_Problem description_
The lines needed run from the one that contains "Най-добрият спътник за" through the end of the material below, both included; write them out exactly, with no pictures.

═════ Dataset section ═════

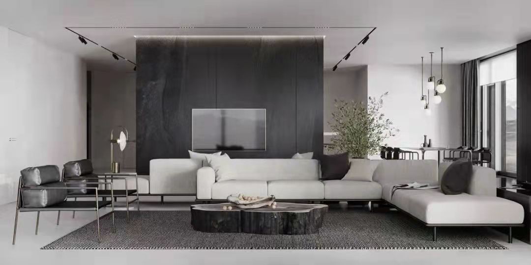 选用的是非常经典的颜色--黑色、白色以及灰色,配色简单,没有什么修饰,纯粹是为了把简单发挥到***,打造极简的居住环境
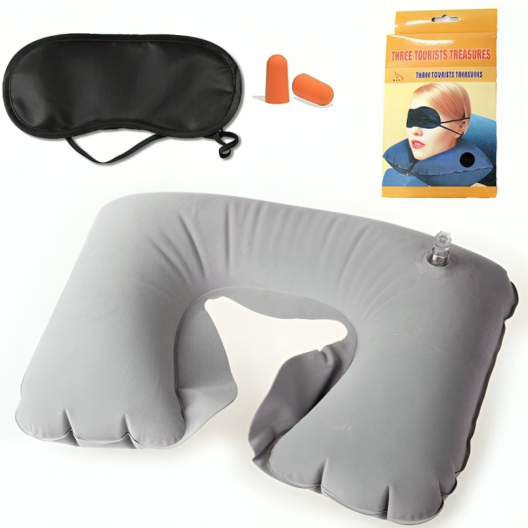 Най-добрият спътник за вашите пътувания - комплект от надуваема възглавница, превръзка за очи и тапи за уши
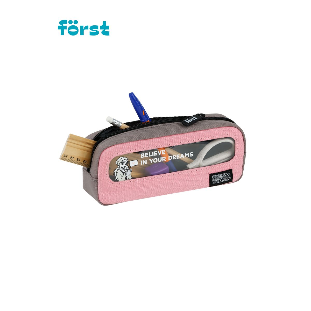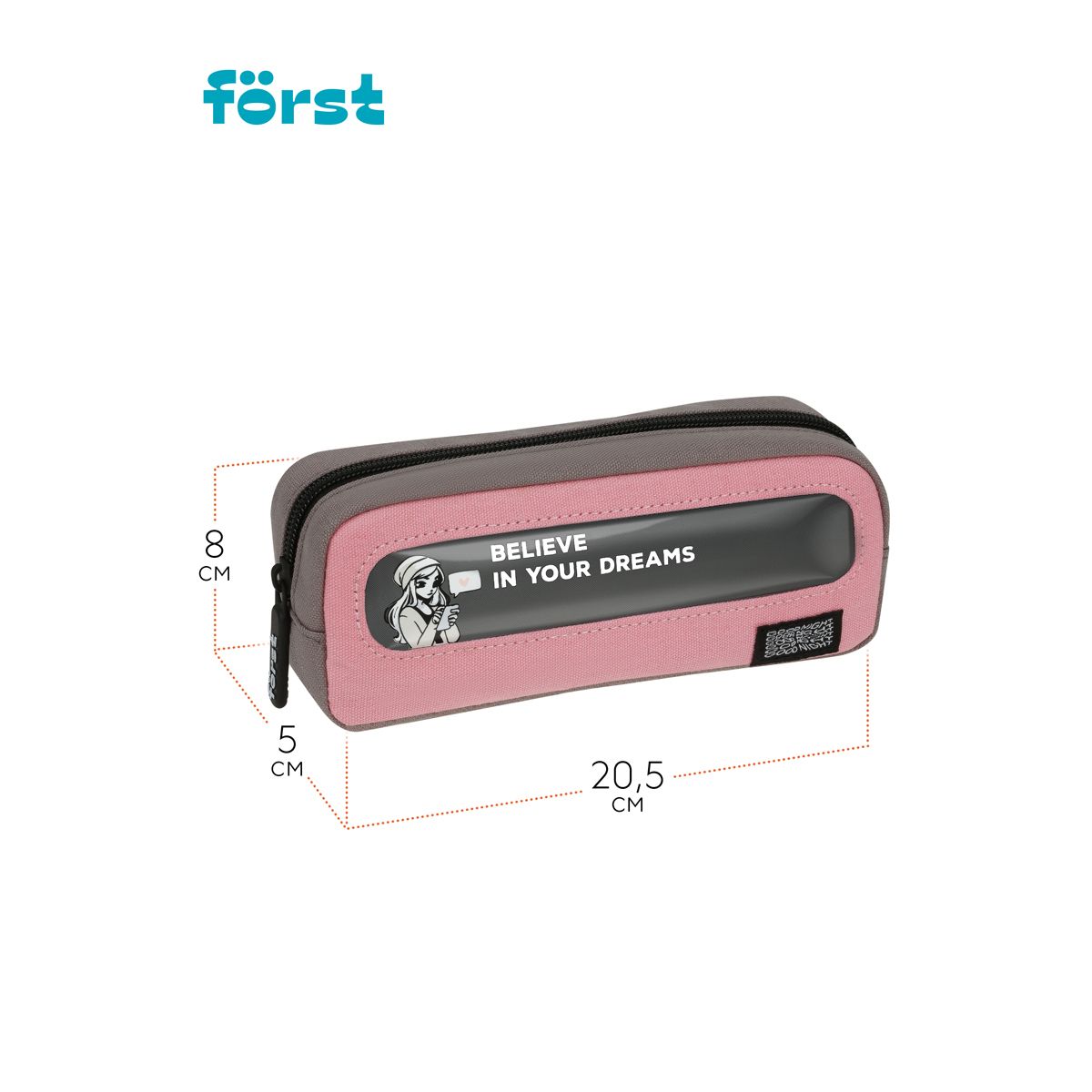 Пенал мягкий с прозрачным окошком, 1 отделение, 205*80*50 Först "Pink dreams", текстиль с ПВХ

═════

_Exercise result_
 Най-добрият спътник за вашите пътувания - комплект от надуваема възглавница, превръзка за очи и тапи за уши
 Пенал мягкий с прозрачным окошком, 1 отделение, 205*80*50 Först "Pink dreams", текстиль с ПВХ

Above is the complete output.